Radar Singkil| | ~ Media sosial dihebohkan oleh sebuah video yang diunggah oleh akun Safitri Alshop Aceh, menampilkan drama rumah tangga yang memicu simpati dan kemarahan warganet.
Video tersebut merekam momen pilu seorang perempuan yang membawa dua anaknya kembali ke rumah orang tua, tak lama setelah suaminya dinyatakan lulus sebagai Pegawai Pemerintah dengan Perjanjian Kerja (PPPK) dan bertugas di Satuan Polisi Pamong Praja (Satpol PP) dan Wilayatul Hisbah (WH) Aceh Singkil.
Dalam video berdurasi singkat yang telah ditonton ribuan kali itu, sang istri terlihat mengemasi sejumlah barang dari rumah yang diduga ditinggali bersama. Namun, yang membuat hati tersentuh adalah keterangan dalam bahasa daerah yang bernada kekecewaan mendalam
“Dulu waang mintak ambo elok-elok kek urang tuo mbo… Namun lulus PPPK dan menerima SK waang, kami waang lantarkan. Bahagialah kalian atas penderitaan kami. Ambo ikhlas.”
Pesan tersebut, yang jika diterjemahkan menyiratkan rasa sakit karena merasa dibuang dan ditinggalkan justru setelah sang suami mencapai puncak karier dengan menerima SK PPPK, langsung menyulut reaksi keras dari warganet.

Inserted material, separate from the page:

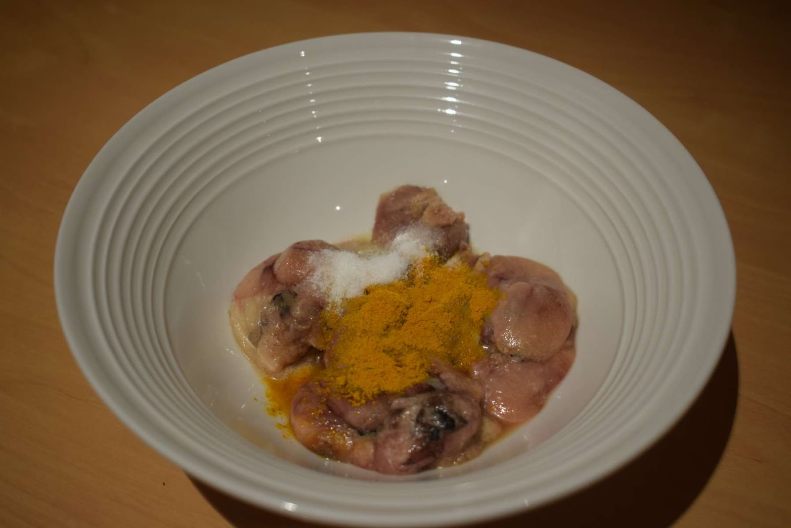- On the other hand, marinate the fish roe with Salt, Turmeric powder in a bowl and keep it aside.

Kolom komentar dibanjiri kecaman, bahkan sebagian besar mendesak Pemerintah Daerah Aceh Singkil untuk meninjau ulang Surat Keputusan (SK) PPPK sang suami atas dugaan menelantarkan keluarga.
Bukan Semata karena PPPK
Namun, seperti apa sebenarnya duduk perkara di balik video yang viral dan penuh drama ini?
Kepala Desa Siti Ambia, Aswalun, saat dikonfirmasi, membenarkan bahwa pasangan tersebut memang telah berpisah. Namun, ia memberikan klarifikasi penting yang meredam isu perpisahan mendadak karena status kepegawaian.
“Benar, mereka sudah bercerai. Tapi apakah karena faktor lulus PPPK, saya juga tidak tahu,” ujar Aswalun, Senin (20/10/2025).
Menurut keterangan Aswalun, keretakan rumah tangga pasangan ini rupanya sudah terjadi jauh sebelum sang suami meraih status PPPK. Konflik bahkan sudah muncul sejak sang suami masih berstatus tenaga honorer.
“Sejak masih honorer, mereka memang sering berselisih. Faktor utamanya masalah ekonomi. Sudah beberapa kali kami mediasi di desa, bahkan sempat berdamai dan saling memaafkan, tapi kemudian ribut lagi,” jelasnya.
Aswalun menambahkan, hubungan keduanya memang sudah lama tidak harmonis karena sikap yang sama-sama egois. Puncak konflik terjadi saat sang suami menyampaikan keputusannya untuk bercerai.
“Katanya, sikap istrinya pernah
membuat dia tersinggung hingga merasa tidak dihargai.
Jadi dia memutuskan bercerai. Saat ini sedang dalam proses pengurusan gugatan cerai ke Mahkamah Syar’iyah atas sepengetahuan dari desa,” tutupnya.
Dengan demikian, perpisahan yang viral ini dipastikan bukan semata karena status kepegawaian PPPK, melainkan merupakan akumulasi dari persoalan rumah tangga yang sudah berlangsung lama dan mencapai titik akhir.
Meskipun demikian, video yang beredar telah sukses menarik perhatian publik dan memicu perdebatan sengit di dunia maya.